● Prompt: Keep the pictures out. Restate the entries below word for word.

____________________

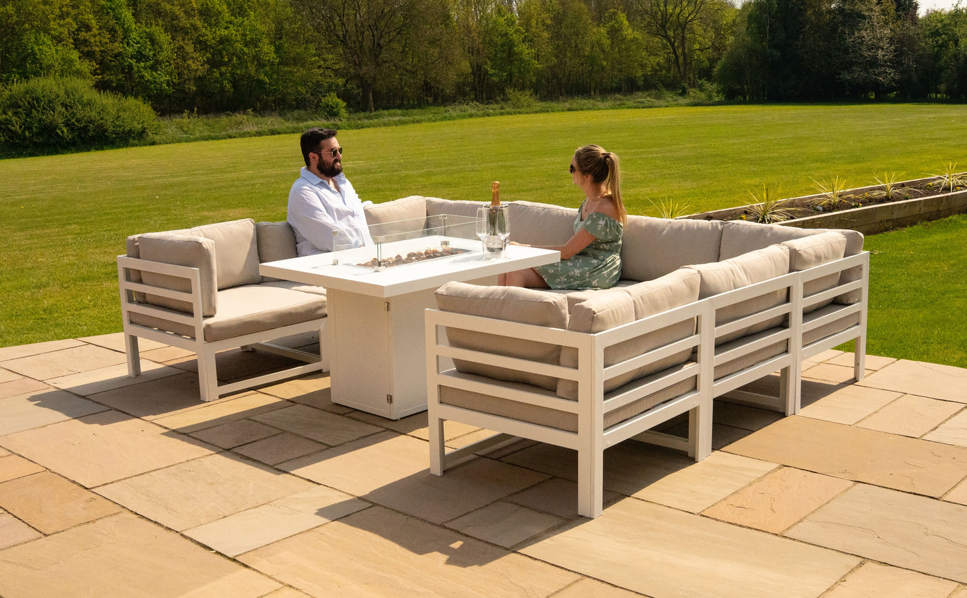 Set di Mobili da Giardino Modulari con Tavolo Braciere - Bianco
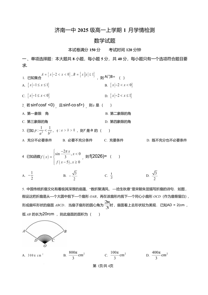 山东省济南一中2025级高一上学期1月学情检测 数学试题(含答案).pdf
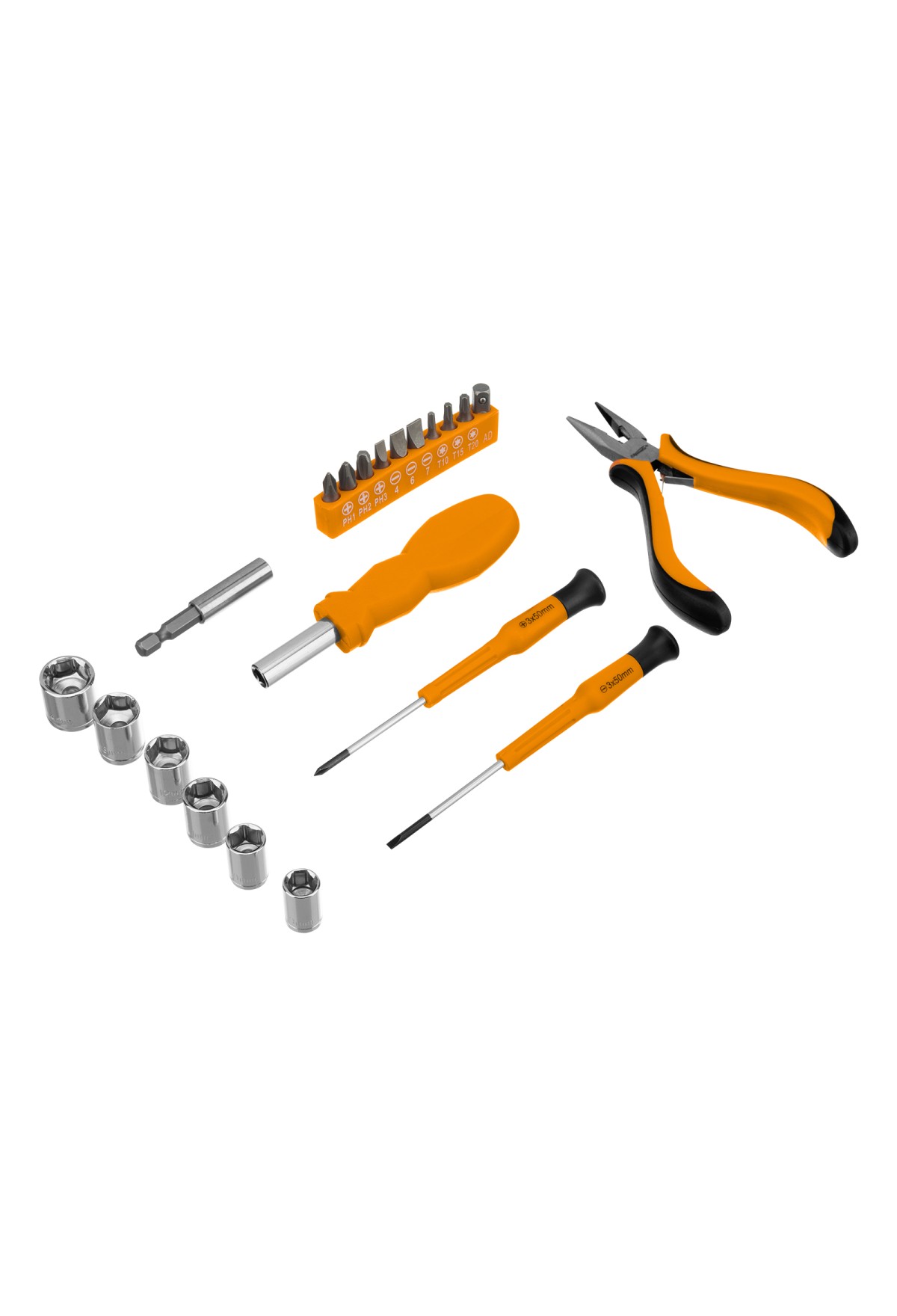 Комплектация | Длинногубцы - 1 штГоловки 9, 10, 11, 12, 13, 14 - 6 штОтвертки для точных работ SL, PH - 2 штОтвертка для бит - 1 штАдаптер для бит - 1 штБиты PH, SL, T - 9 штДержатель для бит с магнитом - 1 штКейс - 1 шт |
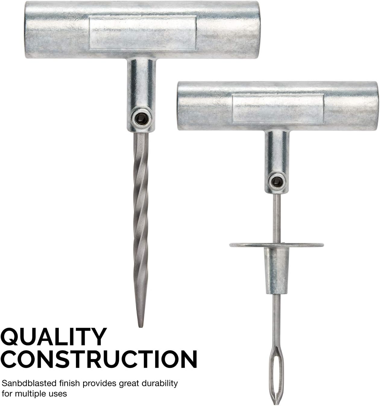 DURABLE TIRE KIT: Our fix a flat tire repair kit includes a hardened steel spiral rasp and insert needle with a sandblasted finish for extra durability to repair heavy duty tires.
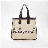 Give her a tote she'll love before, during, and after the wedding! We love using this bag to "wrap" gifts for the bridal shower or bachelorette party! The tote's comfortable leather straps easily fit over the shoulder for a travel, beach, or gym bag. This item comes pre-personalized- so no extra thinking is required, it's cute as-is!
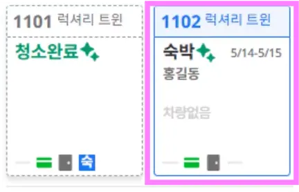 앱/인터넷으로 예약한 고객이 온 경우, 객실을 미리 배정하면 배정한 객실 현황판에 표시가 됩니다.
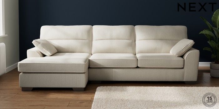 7.3.1 Buy Stamford Highback Large Sofa Chaise - Left Hand Chenille Stripe Moss Green Large Square Angle - Gunmetal from the Next UK online shop Click here to use our accessible website
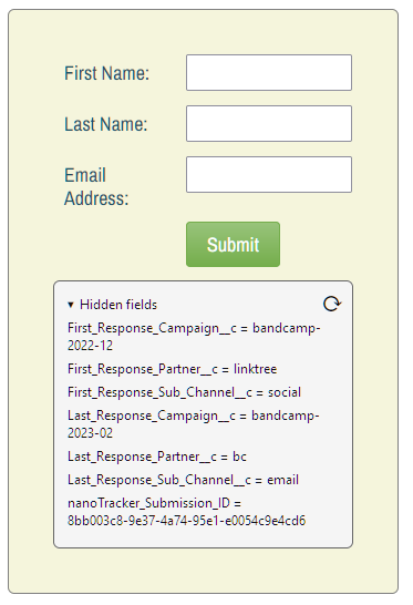 Whether your tracking logic uses standard UTMs, custom query params, or other dimensions, you’re gonna need hidden form fields.
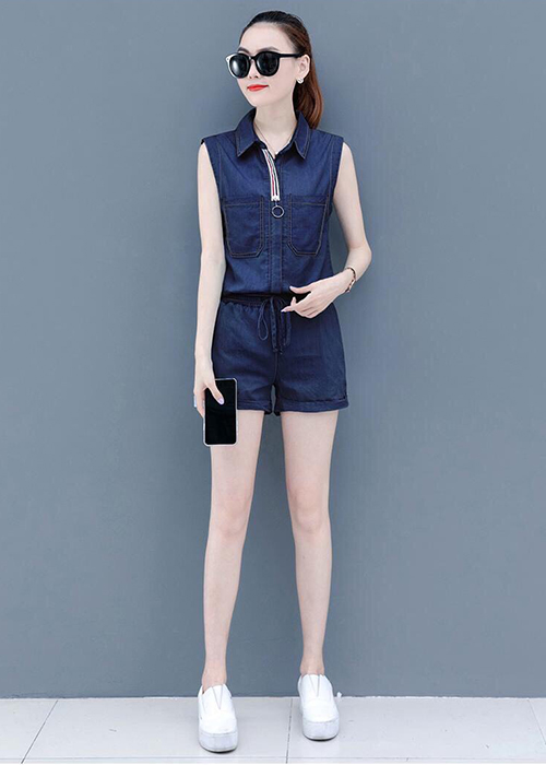Áo Jean Liền Quần Thời Trang Màu Sắc: Xanh Đen Chất liệu: Jean Thun co giãn tốt, thấm hút, thoáng mát, dễ vận động, tạo cảm giác thoải mái, tự tin cho người mặc. Kiểu Dáng: Thiết kế năng động trẻ trung. Đường may sắc xảo, dáng đẹp. Sản phẩm chất lượng, cổ bẻ sơ mi, sát nách, đính viền màu kèm khoen ấn tượng, thun eo co giãn tốt, phối túi tiện lợi. Đơn Vị: Cm Kích Thước: Vòng Ngực: 84 - 90, Vòng Eo: 64 - 76, Vòng Mông: 80 - 100; Chiều Dài: 80 ( Phù hợp với bạn nữ từ 50kg -> 55kg, chiều cao dưới 1,65 mét)

____________________

● Expected answer:
 Set di Mobili da Giardino Modulari con Tavolo Braciere - Bianco
 山东省济南一中2025级高一上学期1月学情检测 数学试题(含答案).pdf
 Комплектация | Длинногубцы - 1 штГоловки 9, 10, 11, 12, 13, 14 - 6 штОтвертки для точных работ SL, PH - 2 штОтвертка для бит - 1 штАдаптер для бит - 1 штБиты PH, SL, T - 9 штДержатель для бит с магнитом - 1 штКейс - 1 шт |
 DURABLE TIRE KIT: Our fix a flat tire repair kit includes a hardened steel spiral rasp and insert needle with a sandblasted finish for extra durability to repair heavy duty tires.
 Give her a tote she'll love before, during, and after the wedding! We love using this bag to "wrap" gifts for the bridal shower or bachelorette party! The tote's comfortable leather straps easily fit over the shoulder for a travel, beach, or gym bag. This item comes pre-personalized- so no extra thinking is required, it's cute as-is!
 앱/인터넷으로 예약한 고객이 온 경우, 객실을 미리 배정하면 배정한 객실 현황판에 표시가 됩니다.
 7.3.1 Buy Stamford Highback Large Sofa Chaise - Left Hand Chenille Stripe Moss Green Large Square Angle - Gunmetal from the Next UK online shop Click here to use our accessible website
 Whether your tracking logic uses standard UTMs, custom query params, or other dimensions, you’re gonna need hidden form fields.
Áo Jean Liền Quần Thời Trang Màu Sắc: Xanh Đen Chất liệu: Jean Thun co giãn tốt, thấm hút, thoáng mát, dễ vận động, tạo cảm giác thoải mái, tự tin cho người mặc. Kiểu Dáng: Thiết kế năng động trẻ trung. Đường may sắc xảo, dáng đẹp. Sản phẩm chất lượng, cổ bẻ sơ mi, sát nách, đính viền màu kèm khoen ấn tượng, thun eo co giãn tốt, phối túi tiện lợi. Đơn Vị: Cm Kích Thước: Vòng Ngực: 84 - 90, Vòng Eo: 64 - 76, Vòng Mông: 80 - 100; Chiều Dài: 80 ( Phù hợp với bạn nữ từ 50kg -> 55kg, chiều cao dưới 1,65 mét)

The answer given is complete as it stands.